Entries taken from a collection

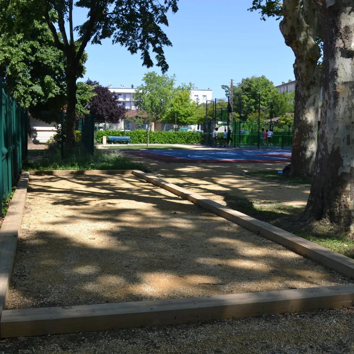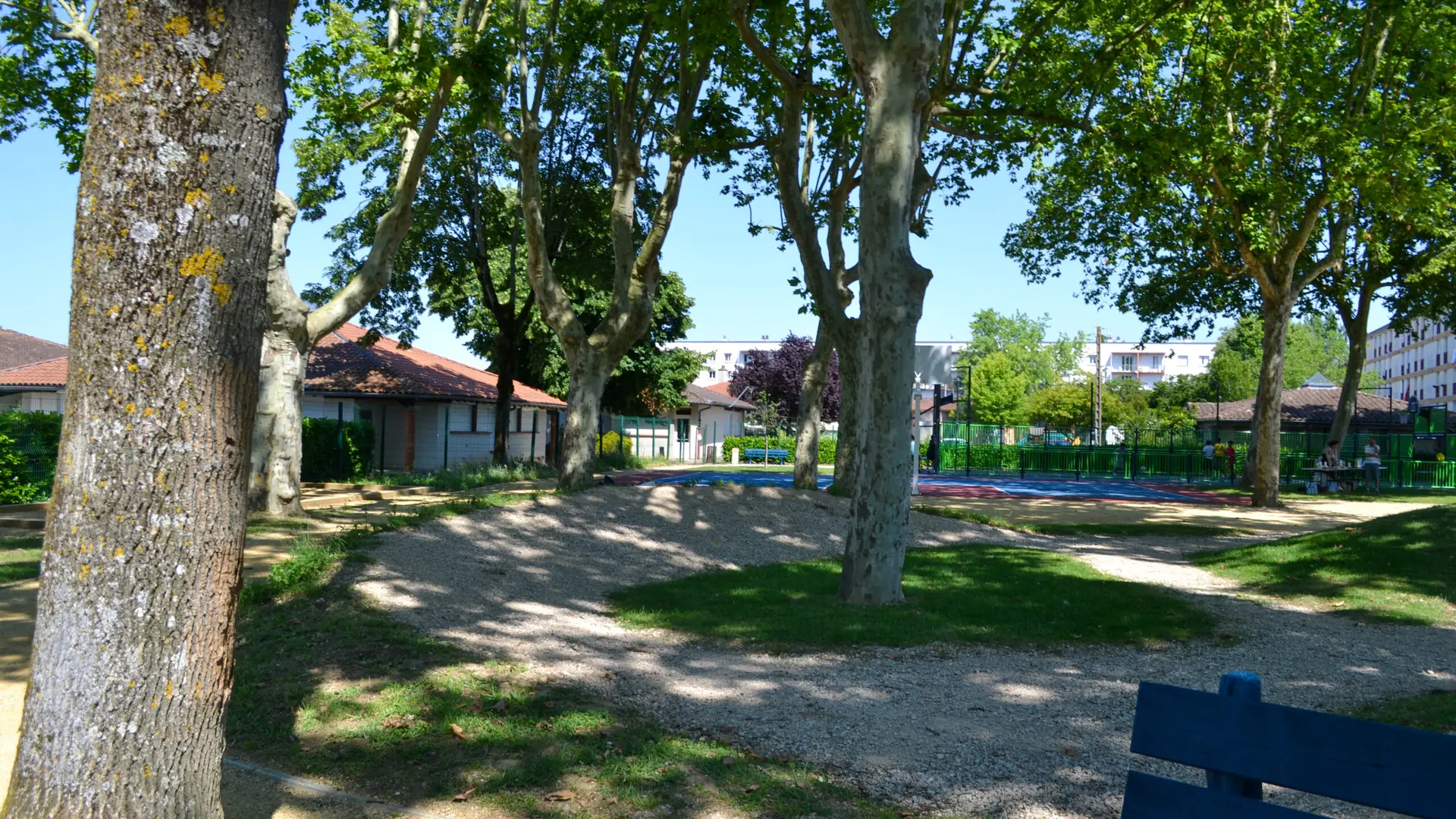 The grounds include a multi-purpose sports field, a 3×3 basketball court, a BMX track and a pétanque court.
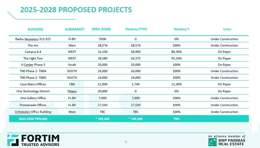 In 2024 nu a fost livrata nicio cladire de birouri pana in acest moment si este posibil sa se livreze o singura cladire de mici dimensiuni, pana la finalul anului, remarca Nicolae Ciobanu, Managing Partner - Head of Advisory, Fortim Trusted Advisors, membru in Alianta BNP Paribas Real Estate. Situatia de pe piata office se va redresa, insa, in anii urmatori, pentru perioada 2027-2028 fiind planificata livrarea a cel putin 11 cladiri de birouri, proiecte noi sau extinderi ale celor existente, cu o suprafata totala de aproape 200.000 mp. "In anii anteriori, chiriasii care doreau sa-si mute spatiile de birouri luau in considerare in primul rand cladirile in constructie, unde isi puteau personaliza spatiile cu mult inainte de mutare. Aceste oportunitati aproape au disparut, in acest moment, existand doar o singura cladire de birouri in constructie, AFI Loft, cu o suprafata de 16.500 mp.
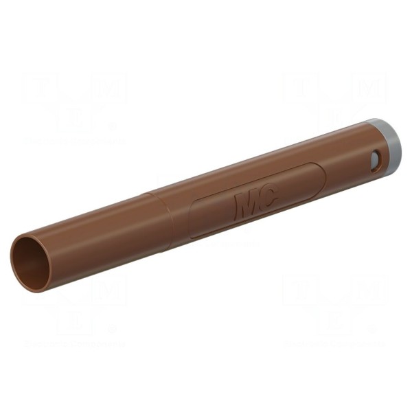 Montaż przewodu odbywa się przez lutowanie. Złącze obsługuje przewody o maksymalnym przekroju 2,5mm² oraz średnicy zewnętrznej do 3,9mm. Komponent o długości 65mm dostępny jest w kolorze brązowym.
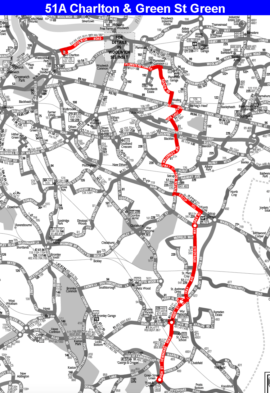 GREEN STREET GREEN - WOOLWICH Parsons Hill ( Mon-Sat ) - CHARLTON STATION ( Mon-Fri peaks )
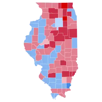The presidential election of 1988 was a very partisan election for Illinois, with more than 99% of the electorate voting for either the Democratic or Republican parties, and only five political parties listed as options on the ballot statewide.[1] As of the 2020 presidential election, this was the last time that Illinois voted Republican in a presidential election. 1988 is also the most recent election in which Peoria County and Champaign County voted for a Republican presidential candidate, as well as the last time a Republican candidate won more than 40% of the vote in Cook County, home to Chicago.[2]
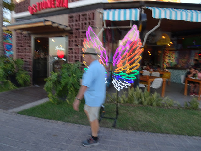 Just some of the boats in the Marina. Sure a lot more than the last few years. Glad to see that. This is an interesting restaurant and quite busy. Bill walking by the neon wings out if front of it.
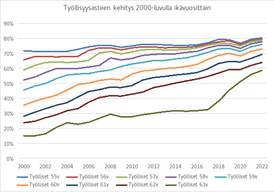 Alin vanhuuseläkeikä | 64,5 | 64,75 | 65 | 65 | 65 | Kytketty elinajan odotteeseen |
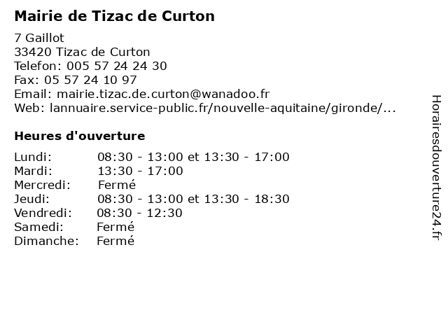 Termes de recherche pour Mairie de Tizac de Curton:de, mairie, central, commune, tizac, curton, gouvernement, nra |
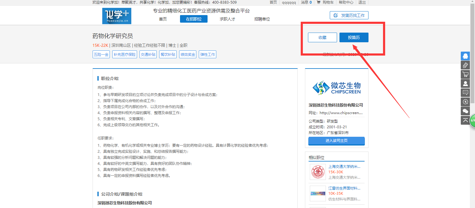 步驟七:看到心儀的職位,點(diǎn)擊進(jìn)入,投遞簡歷。還可收藏該職位哦。
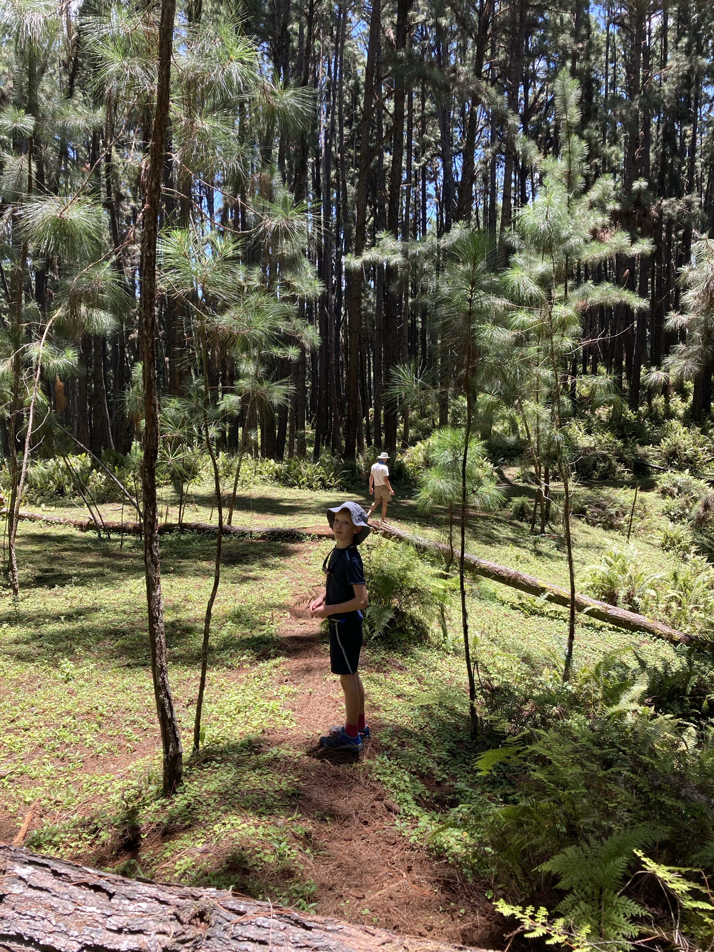 The view was breathtaking. The island is so lush and green with dramatic cliffs and soaring trees. We then hitched another lift further along the ridge to a marked hike amongst tall pine trees. It was almost like being back in Europe albeit with temperatures like an oven on full blast.
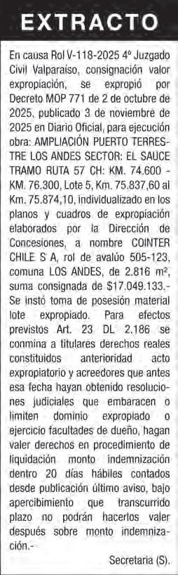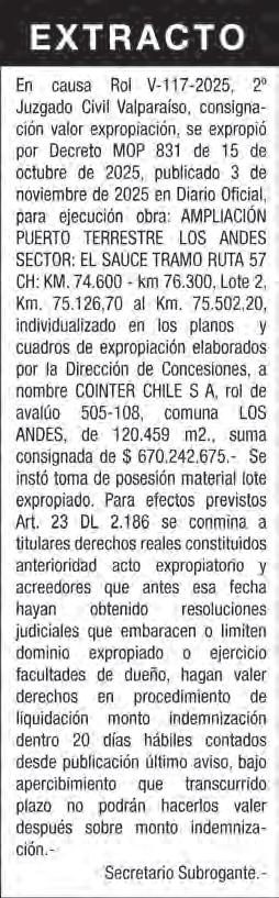 Por Decreto (Exento) MOP. Nº 1172 de 27 de noviembre de 2025, se tuvo por desistida la expropiación del lote de terreno N° A24-3, ordenada por Decreto (Exento) MOP. Nº 1407 de 30 de noviembre de 2020, para la obra "CONCESIÓN EMBALSE LAS PALMAS, COMUNA DE PETORCA, PROVINCIA DE PETORCA, REGIÓN DE VALPARAÍSO”. En todo lo no modi cado se mantiene plenamente vigente el Decreto (Exento) MOP. Nº 1407 de 30 de noviembre de 2020. La publicación se efectúa en cumplimiento a lo dispuesto en los artículos 7° y 32° del Decreto Ley Nº 2186, de 1978. Fiscalía MOP.

WHAT THE TASK ASKS:
The answer must consist solely of the lines from the first line of the records through the line containing "GREEN STREET GREEN", reproduced exactly and without the pictures.

SOLUTION TO THE PROBLEM:
 The grounds include a multi-purpose sports field, a 3×3 basketball court, a BMX track and a pétanque court.
 In 2024 nu a fost livrata nicio cladire de birouri pana in acest moment si este posibil sa se livreze o singura cladire de mici dimensiuni, pana la finalul anului, remarca Nicolae Ciobanu, Managing Partner - Head of Advisory, Fortim Trusted Advisors, membru in Alianta BNP Paribas Real Estate. Situatia de pe piata office se va redresa, insa, in anii urmatori, pentru perioada 2027-2028 fiind planificata livrarea a cel putin 11 cladiri de birouri, proiecte noi sau extinderi ale celor existente, cu o suprafata totala de aproape 200.000 mp. "In anii anteriori, chiriasii care doreau sa-si mute spatiile de birouri luau in considerare in primul rand cladirile in constructie, unde isi puteau personaliza spatiile cu mult inainte de mutare. Aceste oportunitati aproape au disparut, in acest moment, existand doar o singura cladire de birouri in constructie, AFI Loft, cu o suprafata de 16.500 mp.
 Montaż przewodu odbywa się przez lutowanie. Złącze obsługuje przewody o maksymalnym przekroju 2,5mm² oraz średnicy zewnętrznej do 3,9mm. Komponent o długości 65mm dostępny jest w kolorze brązowym.
 GREEN STREET GREEN - WOOLWICH Parsons Hill ( Mon-Sat ) - CHARLTON STATION ( Mon-Fri peaks )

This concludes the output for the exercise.